In HBPMedical/CCC: A wrapper to run the 3C methodology

knitr::opts_chunk$set(
  collapse = TRUE,
  comment = "#>"
)

The package implements the "3C-strategy": Categorization, Clustering, Classification that had been developed for application in medical research, specifically , to refine a diagnosed diseases to more relevant classes.

C1 - Categorization

The analysis in the package assumes that the data has be prepoccessed as follows: highly correlated variables removed, missing values handled and varialbes were transformed for symmetry.

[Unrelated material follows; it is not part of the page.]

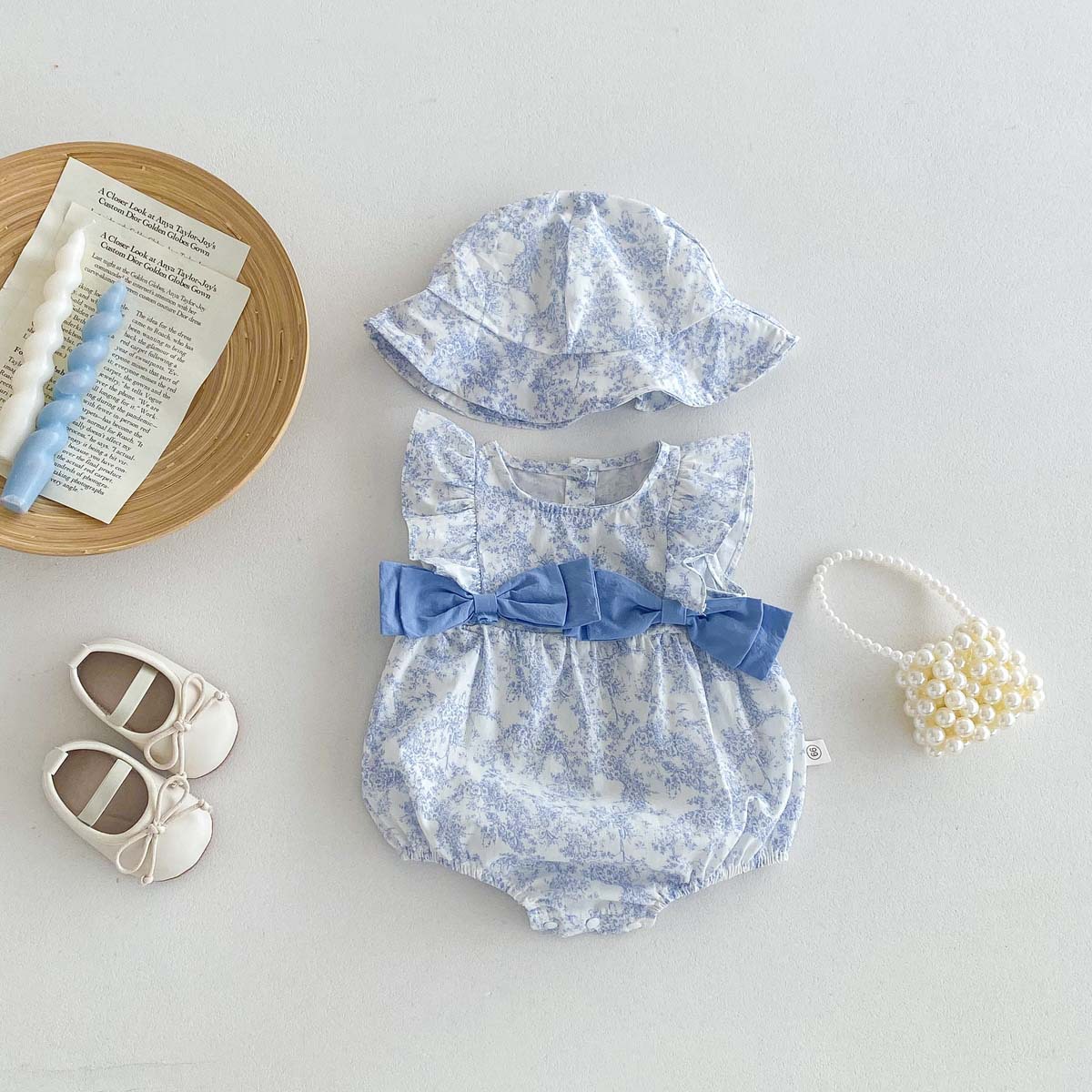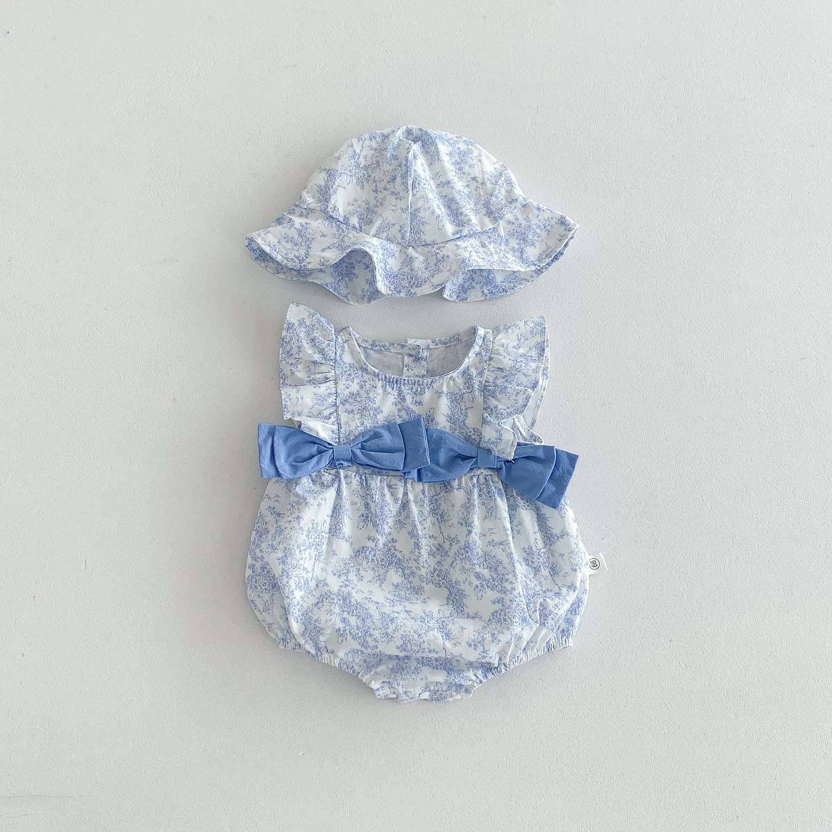 夏のお出かけにぴったりの、ビッグリボンフリル袖ロンパースと帽子のお得なセットです。外国の雰囲気を感じさせる、花柄と大きなリボンが特徴のベビーガール向けアイテム。
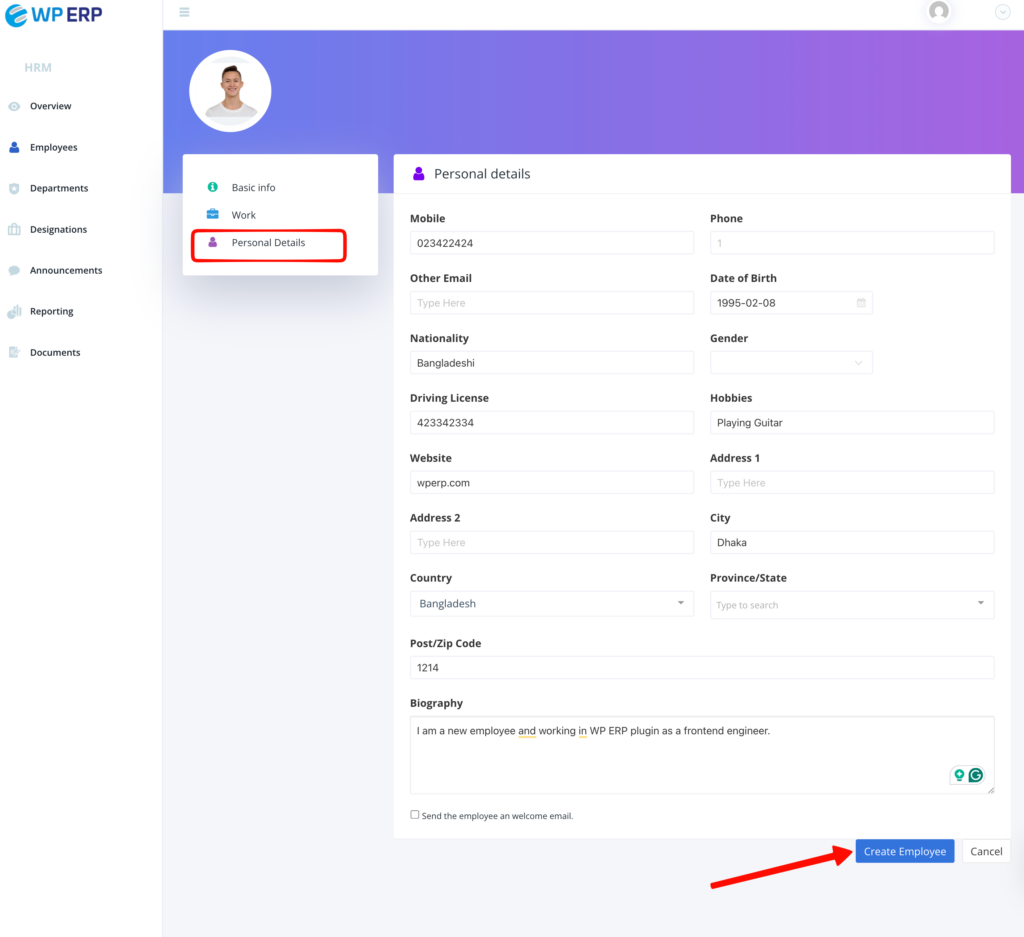 You can also add Personal Details, Work Experience, Education, and Dependants of the employee.

In the first step, features are categorized, according to experts knowledge, to three categories: + Clinical Measures (CM) - Disease symptoms, Patients' functional state and abilities.
+ Potential Biomarkers (PB) - Imaging, Proteins, Genetics etc.
+ Assigned Diagnosis (DX) - The patients' diagnoses.

Each feature category is registered in an auxilary file, which includes to columns: One named "varName", which is the variable/column name from the data file, and another column named "varCategory" which is the categorization of the variable (i.e.: Dx, CM or PB from the categorization done in stage C1).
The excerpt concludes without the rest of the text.